THE WET END OF THE PUMP

You can monitor:

• The temperature at the pump suction and discharge flanges.
• The pressure at the pump suction and discharge flanges.
• A proximity gage can record the distance between the open impeller and the pump volute.
• Shaft deflection can be measured by proximity gages around the volute.
• Product flow can be measured by a variety of instruments without penetrating the piping.
• Strain gages could tell you if the rotating shaft has locked up when the pump is stopped.
• Vibration can be measured at several locations on the volute.
• Noise is easily detected and a valuable source of emerging problems.
• The amount of amperage being drawn by the motor combined with pump flow and capacity can be an excellent indication of pump performance.

THE STUFFING BOX AND SEAL AREA

You can monitor:

• Stuffing box temperature.
• Stuffing box pressure.
• Liquid leakage out of the stuffing box, or air leakage in.
• Stuffing box jacket inlet and outlet flow
• Stuffing box jacket inlet and outlet temperature.
• Seal gland flush pressure, flow and temperature.
• The temperature, pressure and flow of the fluid between dual seals.
• Convection tank temperature, pressure and level.
• Quench temperate and flow.
• Vibration.

THE BEARING CASE

You can monitor:

• Oil temperature to let you know if the oil is about to form varnish or coke.
• Oil level.
• Case pressure.
• Shaft movement or thrust
• The amount of water present in the oil.
• Shaft speed.
• Vibration
• Cooling coil inlet and outlet temperature, pressure and flow.

In an ideal preventative maintenance program all of these readouts would be incorporated into a single multi-pin outlet similar to the type found in all automobiles manufactured in the past few years. This outlet would then feed the information into a hand held computer that would be supplied with additional information retrieved off a bar code, on a tag, hung on the pump.

The bar tag information could be entered by anyone familiar with the process in addition to information supplied by both the pump and seal supplier. It would contain data about the fluid you were pumping, critical dimensions, and information about the bearing lubricant. It could include:

• The specific gravity of the fluid.
• The specific heat of the fluid and bearing lubricant.
• The temperature/pressure at which the fluids would change state and:
  • Vaporize.
  • Become viscous.
  • Solidify.
  • Coke.
  • Build a film on the seal faces or sliding metal parts.
  • Become a non-lubricant.
• The bar tag would also contain information about:
  • The correct impeller clearance to the back plate or volute.
  • The temperature limit of the bearing lubricant.
  • The maximum differential temperature across the pump.
  • The temperature limits of any of the seal components including the faces and rubber parts.
  • The pump BEP.
  • Desired flow through the cooling/heating jacket. You get this from the seal supplier.
  • Desired level, pressure and temperature in the dual seal convection tank.
  • The specified flush amount.

Now that we have an idea about what we can monitor, exactly what is it we would like to predict about pump performance? Wouldn't it be great to know the following?
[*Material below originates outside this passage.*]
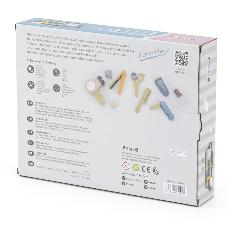 Šis VIGA prekės ženklo kirpėjo rinkinys idealiai tinka vaikams, mėgstantiems pasitelkti savo kūrybiškumą ir vaizduotę žaidžiant įvairius vaidmeninius žaidimus. Mažieji kirpėjai ras viską, ko gali prireikti žaidžiant kirpimo, džiovinimo žaidimus.

• The pump differential pressure, flow and amperage tells us if the pump is running close to its best efficiency point? If it is of the BEP we're going to have lots of problems:
  • We will get excessive shaft deflection that translates to premature wear ring, seal and bearing failure. The impeller could deflect into the volute or back plate causing permanent damage to both pieces.
  • The lost power will convert to unwanted heat that can change critical shaft dimensions and tolerances. This can be a big problem in the bearing area where internal clearances are very critical.
  • You could break the shaft if the force generated is high enough.
• If the suction pressure decreases or the suction temperature increases there is a probability that we going to have a cavitation problem during the operation of the pump.
• Is the temperature or pressure change in the stuffing box going to affect any of the seal components? Many of these affects are non-reversible.
• There are many face combinations used in mechanical seals. Too many of them are sensitive to changes in temperature and pressure. Some ceramics, filled carbons and plated hard faces are especially sensitive to temperature changes.
• The elastomer (rubber part) is always sensitive to a temperature change either up or down.
• Corrosion always increases with an increase in temperature. This can be very important in acid applications.
• Seal flatness can be compromised in both high and low temperature applications.
• A temperature change in the stuffing box can tell us if the product going to change from a lubricating liquid to a non-lubricating gas or solid. Most of these changes occur when the pump is shut down or a cleaner or solvent is being flushed through the lines. Will shut down cause solid particles to appear in the fluid? Every fluid has a maximum and minimum operating temperature. Exceed these limits and all kinds of bad things happen. A change in stuffing box temperature or pressure can cause a lubricating liquid to :
  • Vaporize and blow open the lapped seal faces.
  • Crystallize and restrict the seal movement. Caustic is typical of this type of problem.
  • Become viscous and interfere with the seal movement.
  • Solidify between the lapped seal faces and destroy them, as well as restrict the free movement of the seal components..
  • Build a film on the sliding seal parts restricting their movement and separating the lapped faces. Both paint and hard water can do this.
  • Become a non lubricant. This is a problem with hot water applications that will lead to "slip stick" vibration problems between the lapped seal faces.
  • Cause the liquid to form solid particles that will get into the sliding components and restrict their movement. This is the "coking problem" we typically experience with all hot oil applications.
• Are the bearings in danger of failing?
• Is the lubricant temperature too high and increasing?
• Is the lubrication level too high or low?
• Has moisture penetrated the bearing case. Moisture can cause hydrogen embrittlement problems in the bearing.
• Are the seal faces glued together at start up? Any product that can solidify will cause this failure.
• When do you need an impeller adjustment? If you miss the clearance by as little as 0.002 inches (0.05 mm) you will lose one percent of the pump's capacity. This loss will be converted into heat and vibration.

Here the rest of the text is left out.